Durch das Erkennen der leib-seelischen Zusammenhänge ist Kneipp ein Vorläufer der modernen Psychosomatik geworden. Sein ständiges Bestreben, mit Ärzten zusammenzuarbeiten, und sein
testamentarischer Wille, dass Ärzte sein Heilverfahren pflegen und weiterentwickeln sollten, hat die Hydrotherapie davor bewahrt, nach seinem Tod zur obskuren Außenseitermethode
herabzusinken.
Von Dr. med. Wolfgang Stage aus: »Das Kneipp-Taschenbuch«.
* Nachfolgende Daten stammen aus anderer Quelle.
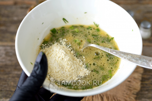 Добавьте муку. Муку можно всыпать любую - пшеничную, кукурузную, рисовую и т.д. Я использую кукурузную. Смешайте все до однородного состояния, чтобы не было комков.

Sebastian Kneipp über Heilmethoden:
" Nach meiner Meinung ist jene Heilmethode die beste, welche den ganzen Körper unterstützt, so dass alles Schädliche aufgelöst und ausgeleitet und jede Entwicklung einer Krankheit verhindert werden kann.
Dann wird auch die kranke Stelle in Bälde geheilt sein."